Riding the Wave of Investment

The Ministry of Health and Long-Term Care (MOHLTC) provided a key financial incentive for hospitals and clinicians to participate in the wait time program. Hospitals, which had been asking for more financial support in order to increase operating room capacity and surgical volumes, received funding from the MOHLTC. Through Hospital Accountability Agreements (for a description of these agreements, see "Achieving Accountability"), hospitals agreed to use the Wait Time Information System (WTIS) to report wait times and ensure that incremental surgical cases would not take place at the expense of other non-priority services. Failure to meet these conditions led to recovery of the allocated funding and diminished the likelihood of these hospitals to receive subsequent wait time funding. It was imperative that action be taken in cases where accountabilities were not met.
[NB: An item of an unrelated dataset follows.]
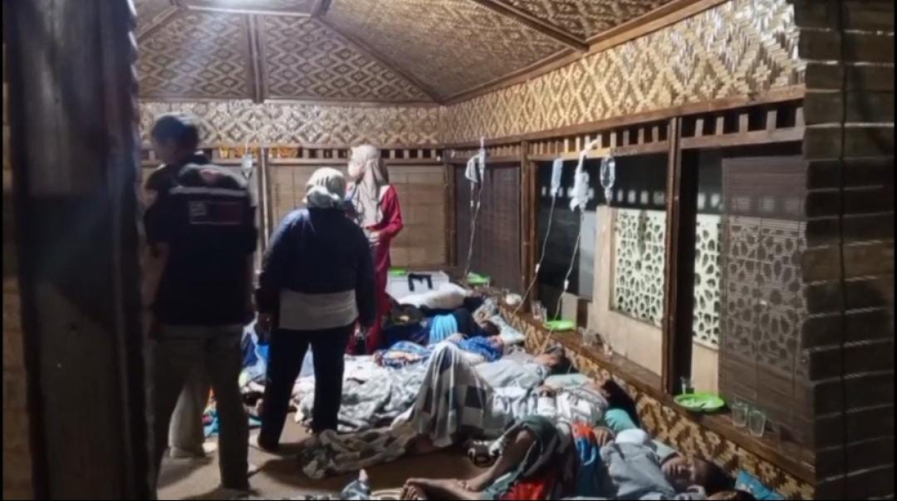 Para santri tampak terbaring lemas di aula pesantren, sementara sebagian lainnya harus dievakuasi ke rumah sakit untuk mendapatkan perawatan intensif.

Clinicians wanted to be able to manage their wait lists more effectively and, through the WTIS, would have the data to make the case for additional OR time so that they get more patients treated. Many, however, were skeptical of the value of the WTIS and/or already participating in one of the few local or regional initiatives trying to address the wait time issue. Wait time funding provided the important initial incentive to get clinicians engaged in the provincial program and using the WTIS.

Conclusion

While large-scale IM/IT strategies are not unique in healthcare, few have been successfully executed. The rapid development and implementation of Ontario's Wait Time Information Strategy has become a rare example of what can be achieved when the right elements are brought together. Today, as a result of the strategy, 86 hospitals and over 3,300 clinicians are using the Wait Time Information System to collect accurate and timely wait time data and applying it to improve access to healthcare services. The experiences of the Wait Time Information Strategy offer many valuable lessons and tactics that can be applied to other clinical areas pursuing the effective use of information and information technology to improve patient care.

About the Author

Sarah Kramer is President and CEO of eHealth Ontario. Previously Sarah served as the Vice-President and Chief Information Officer with Cancer Care Ontario, as well as the Lead for the Ontario's Wait Time Information Management Strategy.

Joanne Walker is currently a Principal with the Courtyard Group and Acting Director of Cancer Care Ontario's Access to Care Program. Joanne led the development of Ontario's Wait Time Information Strategy and subsequently led the Beta/Phase I implementation of the WTIS and EMPI projects.

Will Falk is the Managing Partner of Accenture's Canadian Healthcare Practice and an Adjunct Professor at the University of Toronto's Rotman Business School. He advised the federal Minister and Prime Minister at the First Ministers' Meeting on Healthcare in 2004.